Most certainly, we like it that people are able to consume things, that’s the point of having an economy at all. That means we’d like them to have an income they can spend on those things they consume. For most of us, that’s going to mean a job – but going to work thing is a cost for us of gaining the income. It must be, we all must be regarding it that way, for that’s why we demand to be paid for having to go do the work, right?
From the other side, of course, a job is a cost. They’ve got to pay the wages to get the work done, so it’s clearly and obviously a cost. Finally, for society as a whole, a job is a cost. If someone’s labor is being used to do this thing over here, then it cannot be used to do that second over there. The cost of getting thing one done is not getting the second to enjoy.

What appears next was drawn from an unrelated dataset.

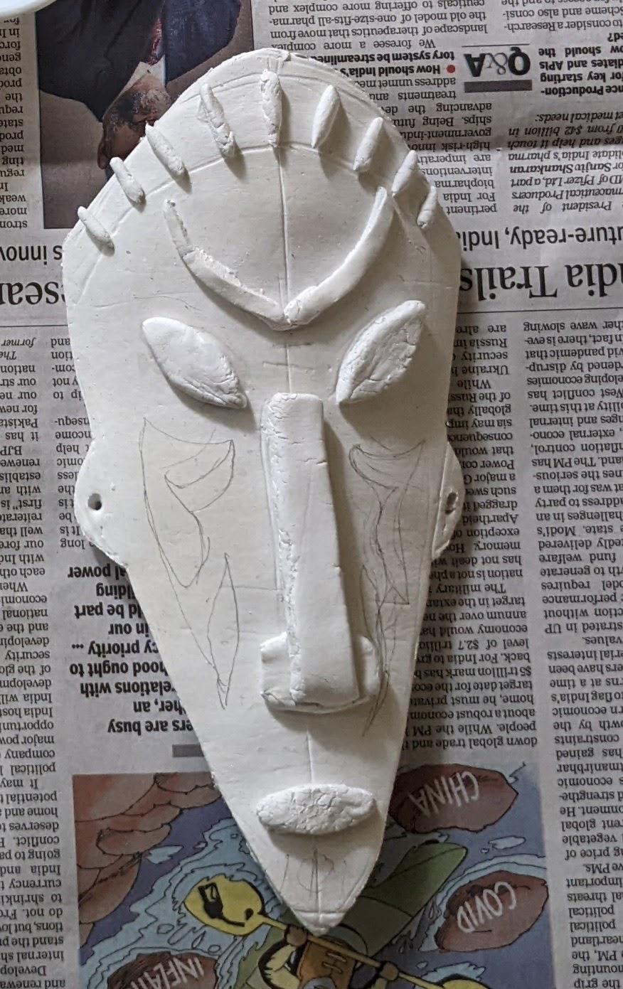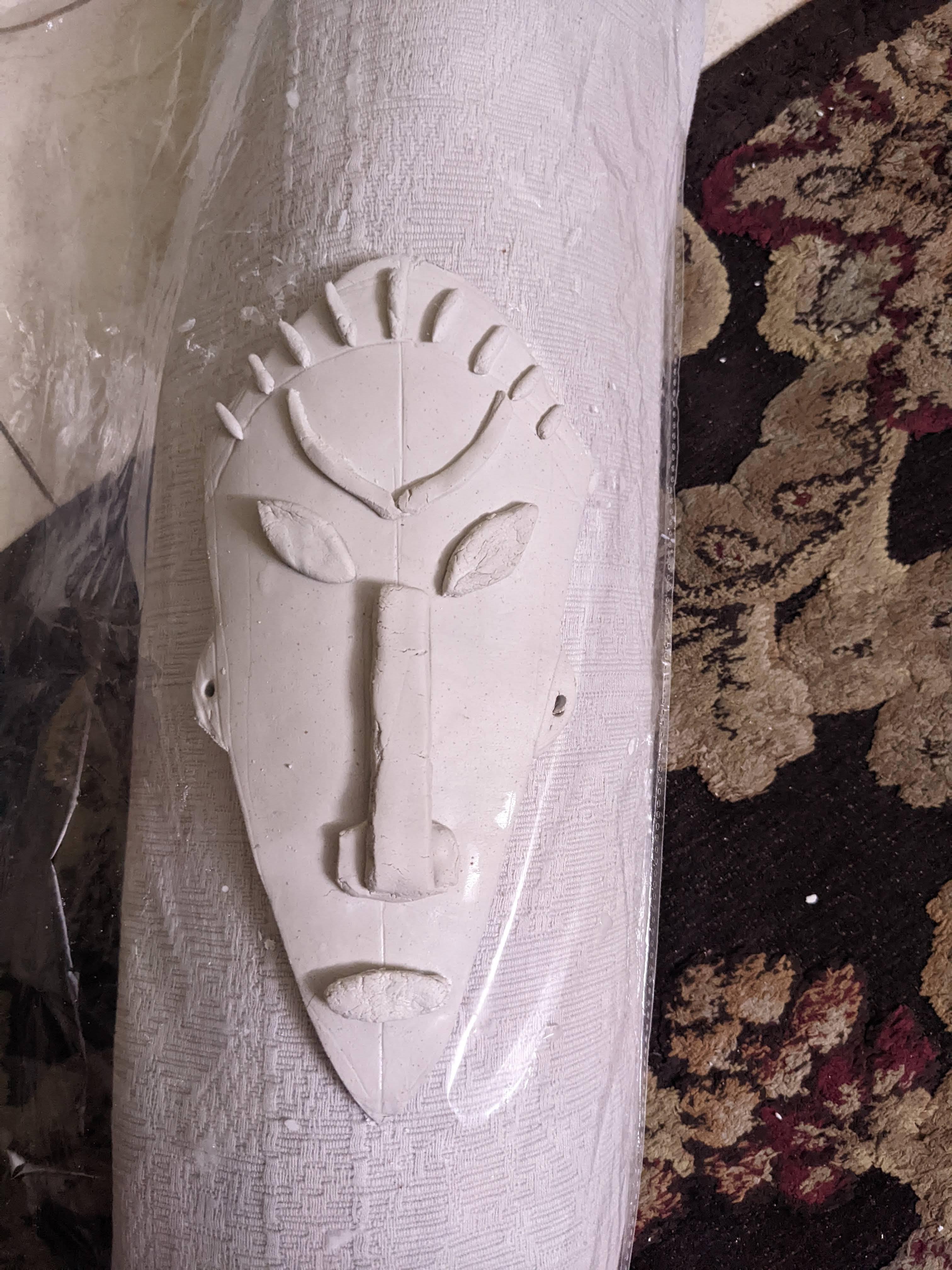 This is a project to create a mantelpiece mask made out of clay, with a tribal themed design.

Jobs are a cost, not a benefit.
Which brings us to today’s version of the misunderstanding. In the New York Times, we’re told that we all must be saving more energy. Possibly we should be, for wasting the stuff doesn’t sound very clever. But then we’re told:
The Trump administration has proposed killing Energy Star and all but eliminating other efficiency programs, with cuts averaging nearly 80 percent. Congress wisely rejected these proposals initially for the short term, but legislation recently passed by the House isn’t much better, proposing to cut many of these money-saving and job-creating programs nearly in half.
But creating a job isn’t a money-saving program, we’ve just proved that conclusively up above. Creating jobs adds costs, not reduces them. Then, we’re told again:
Today, according to the Energy Department, energy efficiency supports 2.2 million American jobs — from contractors weatherizing houses to workers manufacturing more efficient appliances and equipment. Imagine how many more jobs could be created if we were to turn our waste into opportunity.

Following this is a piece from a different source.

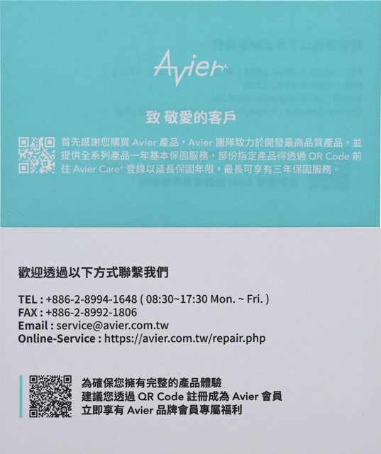 ●Avier CARE提供1年保固及3000萬產品責任險

Or, with our newfound knowledge, we can translate that into looking at how much more it will cost us if we use many more people to do it!

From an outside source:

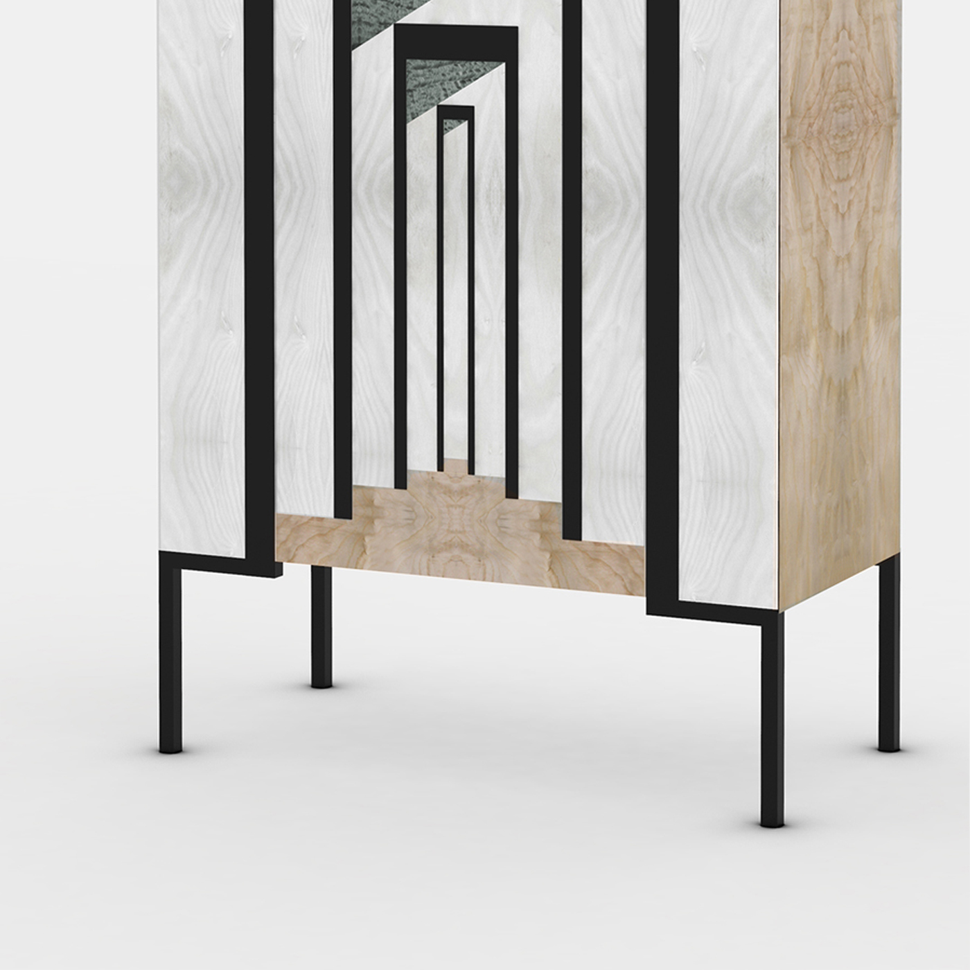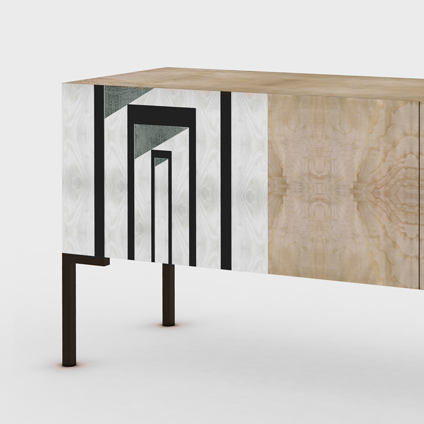 这个精巧三门餐具柜与橄榄灰木完成,支持与铁腿。 部分的前面板是装饰用乌木和增白灰木繁殖一系列开槽空间使用的传统技术错错。 这种引人注目的装饰了,让这段复杂的古玩。

It is true that while all jobs are a cost, some of them are at least worth the expense of having them done. The output we get from their being performed is worth more than the cost of the labor going in. What we need and want is a method of sorting through which those are – and perhaps more importantly, which ones aren’t worth doing – so that we only use our scarce and expensive labor on producing those things which are worth more than their cost. Fortunately, we do have such a system.
It’s called “the market.” People doing something where the inputs are worth more than the outputs suffer, rapidly, an interesting process called bankruptcy. Those processes whose output is worth more than the inputs make something called “profits.” A useful corollary of this is that if we have to have government insistence to get people to do something then it’s probably not adding that value. A generally decent rule is that the lust for profits will get people doing what makes or saves them money. The alternative is that we think every businessman in the country is just too damn dumb to work out how much extra labor it will cost to save energy and vice versa. And in this day of spreadsheets, that’s a really hard sell to make.
Yes, there is that extra little bit, externalities. These are things not included in the price system, like the climate change to come (no, please, don’t argue about this) from the excessive use of energy. But the answer there is to price them into the market system with a carbon tax, perhaps. It still isn’t true that we should be using regulation to force people into increasing their costs by creating more jobs.
For, as I say, jobs are a cost, not a benefit.